Score a binary classifier for separation quality without choosing a threshold.
ROC asks how well the model separates two clouds of points; PR asks how well it surfaces rare positives in a haystack of negatives.
ROC: TPR vs FPR across thresholds -> AUC-ROC
PR: Precision vs Recall across thresholds -> AUC-PR
imbalanced data -> PR-AUC is more honest
balanced data -> ROC-AUC is fine
AUC-ROC plots TPR against FPR across all thresholds. AUC-PR plots Precision against Recall. AUC-ROC is encouraging even on imbalanced data because the high negative count keeps FPR artificially low; PR-AUC fixes that. Pick PR-AUC whenever the positive class is rare. AUC is THRESHOLD-INDEPENDENT.
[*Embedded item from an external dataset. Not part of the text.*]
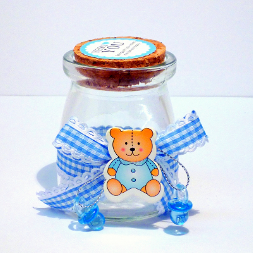 Vasetto in vetro trasparente con applicazione orsetto celeste, ideale come portaconfetti.

from sklearn.metrics import roc_auc_score, average_precision_score
y_true = [0, 0, 1, 1, 0, 1, 0, 1, 0, 1]
y_score = [0.1,0.4,0.35,0.8,0.2,0.9,0.3,0.7,0.25,0.65]
print('ROC-AUC:', roc_auc_score(y_true, y_score))
print('PR-AUC:', average_precision_score(y_true, y_score))
roc_auc_score: area under ROC — classic balanced metric.
from sklearn.metrics import roc_curve
import numpy as np
fpr, tpr, thr = roc_curve(y_true, y_score)
idx = np.argmin(np.abs(tpr - 0.9))
print(f"at recall 0.9 -> threshold {thr[idx]:.2f}, FPR {fpr[idx]:.2f}")
average_precision_score: area under PR — safer for imbalanced data.
import matplotlib.pyplot as plt
from sklearn.metrics import RocCurveDisplay, PrecisionRecallDisplay
RocCurveDisplay.from_predictions(y_true, y_score); plt.show()
PrecisionRecallDisplay.from_predictions(y_true, y_score); plt.show()
RocCurveDisplay and PrecisionRecallDisplay are the human-friendly visualisers.
Reading AUC-ROC as the final answer on imbalanced data. A 0.95 ROC-AUC on a 1 percent positive dataset can still be useless.
ROC-AUC for balanced problems; PR-AUC for rare-class. AUC measures ranking ability, NOT calibration, NOT business value.